Numerous helicopter rotors are provided with hinged blades, either on ball bearings or else on elastomer bearings. When stationary, with no centrifugal force urging the blades into a “flat” configuration, it can happen that the blades of such rotors are subjected to excessive vertical movements (flapping), leading to abnormal stresses in the elements of the rotor and possibly damaging them severely. This phenomenon can arise in particular under the following circumstances:                gusts of wind;        motion of a ship having the helicopter on board; and        folding the blades, reversing the static moment of the blades when their centers of gravity lie between the flapping hinge axis and the axis of the rotor.        
For these reasons, hinged rotor hubs are generally fitted with low abutments and with high abutments that serve to limit the amplitude of such flapping movements, respectively downwards and upwards.
A particular object of the present invention is to propose an improvement to the rotors described in French patent No. 2 725 687 and U.S. Pat. No. 5,588,801.

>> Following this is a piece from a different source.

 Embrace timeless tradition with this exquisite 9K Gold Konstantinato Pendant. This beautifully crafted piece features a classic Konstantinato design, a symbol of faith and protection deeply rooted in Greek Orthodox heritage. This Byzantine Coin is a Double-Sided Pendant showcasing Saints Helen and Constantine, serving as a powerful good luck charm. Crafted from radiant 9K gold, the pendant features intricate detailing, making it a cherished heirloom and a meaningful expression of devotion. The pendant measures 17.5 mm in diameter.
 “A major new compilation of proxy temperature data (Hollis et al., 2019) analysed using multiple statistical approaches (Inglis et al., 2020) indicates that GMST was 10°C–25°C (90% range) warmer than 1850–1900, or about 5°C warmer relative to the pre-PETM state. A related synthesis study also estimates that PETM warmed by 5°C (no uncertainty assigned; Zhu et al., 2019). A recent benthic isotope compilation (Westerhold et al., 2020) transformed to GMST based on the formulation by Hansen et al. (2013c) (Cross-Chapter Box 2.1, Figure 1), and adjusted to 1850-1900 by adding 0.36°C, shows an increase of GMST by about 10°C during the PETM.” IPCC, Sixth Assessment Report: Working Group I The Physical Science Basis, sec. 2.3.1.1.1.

Those patents themselves seek to simplify the devices for limiting blade flapping and comprising independent top abutments for each blade; the device described in those patents comprises high abutments projecting from a common ring that is coaxial with the hub; the ring is mounted to turn about a rotor axis on a top portion of the hub; the device comprises flyweights connected to the ring via drive means for turning the ring between a “ground” position in which the high abutments are positioned facing respective portions of the blade in order to be active, and a “flight” position in which the high abutments are retracted out of the range of said portions of the blade; those drive means make use of the centrifugal force applied to the flyweights for retracting the high abutments, and include return springs for returning the ring to the “ground” position; those means oppose each other, with centrifugal force overcoming the return force once the speed of rotation of the rotor exceeds a predetermined value.
The device described in those patents includes an abutment serving to avoid untimely retraction of the ring carrying the blade abutments while on the ground, but for the ring turning in one direction only; if the ring turns in the opposite direction, such untimely retraction becomes possible once sufficient force is applied to overcome the return forces of the springs; although the springs are comfortably dimensioned, it has nevertheless been found that this precaution can be insufficient, particularly prior to a flight, while the pilot is verifying that the servo-controls that act on the rotor blades (the cyclic pitch and the collective pitch) are operating properly.
It has been found that when the floatingly-mounted low-abutment droop-restrainer ring is in a center position, all of the blades have a small amount of freedom to move vertically (through about 1.5°); however, when the low-abutment drop-restrainer ring is off-center, some of the blades can reach their high abutments while the opposite blades reach their low abutments.
If pitch variation is then applied by a servo-control to a blade in the high abutment position, then the displacement of the abutment shoe of the blade will rub against the retractable ring and might turn it sufficiently to completely unlock all of the high abutments in undesired manner.